A single flying insect landed on the face of his suit. Another. Another. And then in a moment he could not see at all, except for tiny flecks of light making their way through momentary gaps between the insects that completely coated his suit. He could feel the weight of them, there were so many.
He held very still.
If these were bloodsucking parasites-and why else would they have evolved this swarming behavior?-there might well be enough of them to drain his body of blood. The local animals must have developed defenses against these swarms, but he had none. The fact that they probably couldn’t digest his blood into a usable form would not put back the blood they had taken.

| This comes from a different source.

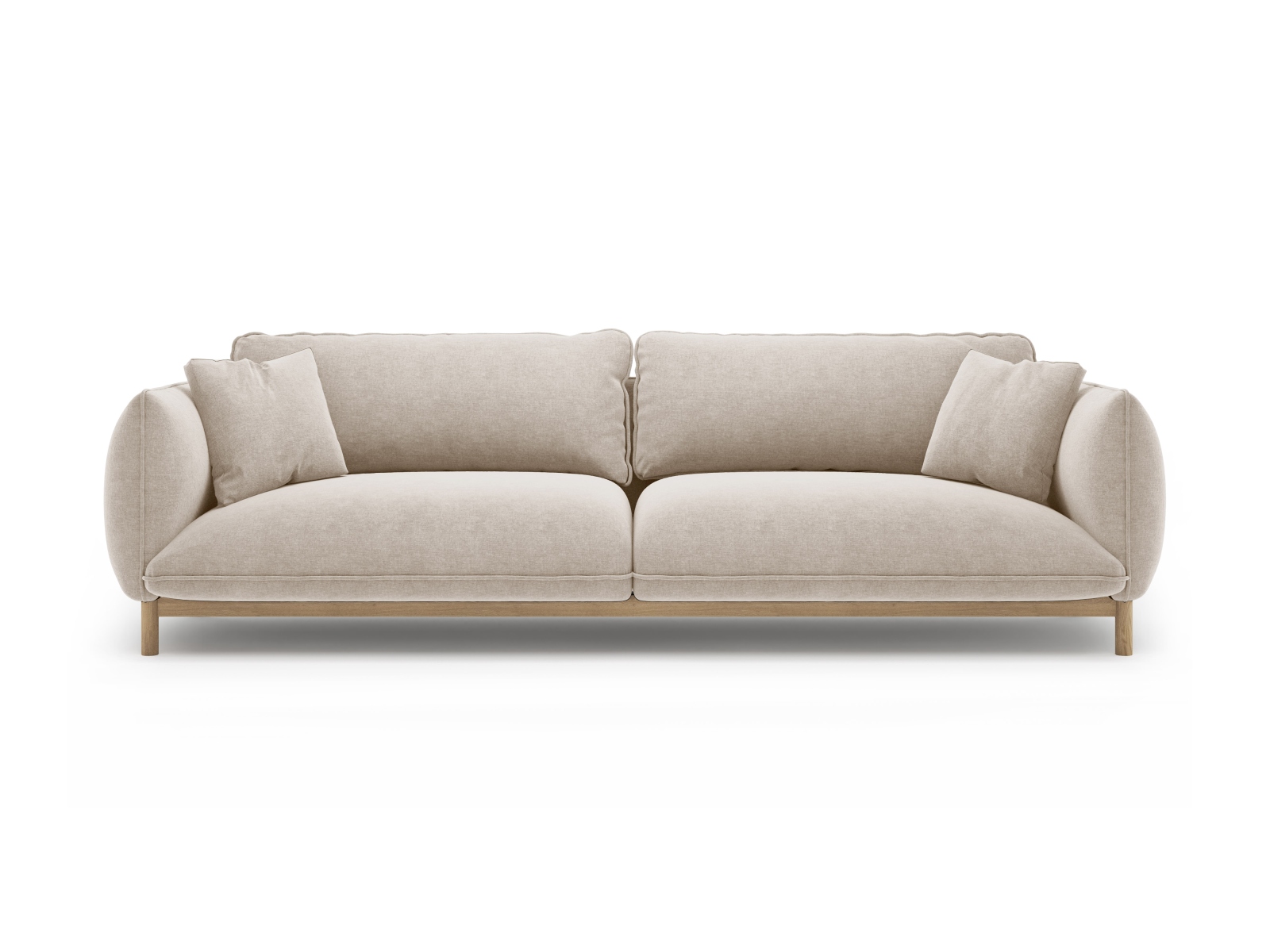 Czteroosobowa sofa Ada to majestatyczny mebel, który staje się sercem domowego ogniska. Przy długości blisko 250 cm oferuje luksusową przestrzeń wypoczynku dla całej rodziny. Mimo swoich rozmiarów, sofa nie przytłacza wnętrza – to zasługa charakterystycznej dla tej kolekcji drewnianej podstawy, która unosi bryłę i nadaje jej skandynawskiej lekkości. Jasny beż tapicerki wprowadza do salonu światło, spokój i harmonię, idealnie wpisując się w trendy Japandi oraz boho.

Ram could see that trying to coexist with these insects, at least, might have posed a problem for the colonists. They could spend ten thousand years struggling to live with these swarms, or they could eradicate them-along with everything else-and get a fresh start.
No doubt many native insects would survive the extinction event. But probably not these parasites, since their hosts would be gone.
Would any of the hoppers-predator or prey-survive?
He walked through the grasses, found a stream, and looked down into it at the silver and grey finny fish and eels that thrived there. He walked as far as a nearby isolated tree and rested his hand on the bark. I touched you, he said silently. I brushed this leaf with my hand.
Meanwhile, the expendables gathered animal and plant life according to the instructions they had given each other-samples for analysis, not preservation, not on this trip. They had containers for them, and Ram wandered until they had filled as much space as they thought this grassland deserved on a first trip.
They visited rainforest, desert, tundra, high mountains, seashore. They followed the direction of Garden’s rotation so it was always daylight wherever they stopped. By the time Ram was exhausted and needed to sleep, the expendables announced that they had all the samples they needed to conduct their initial analysis.
“So we’re done?” asked Ram.
“Yes.”
“I have to sleep before I can safely pilot the craft,” he said.
“We don’t actually need you to pilot anything,” said the expendables. “Go ahead and sleep, so you’ll be awake and rested by the time we arrive back on the ship.”
“Will I visit the surface again, while it’s still Garden?”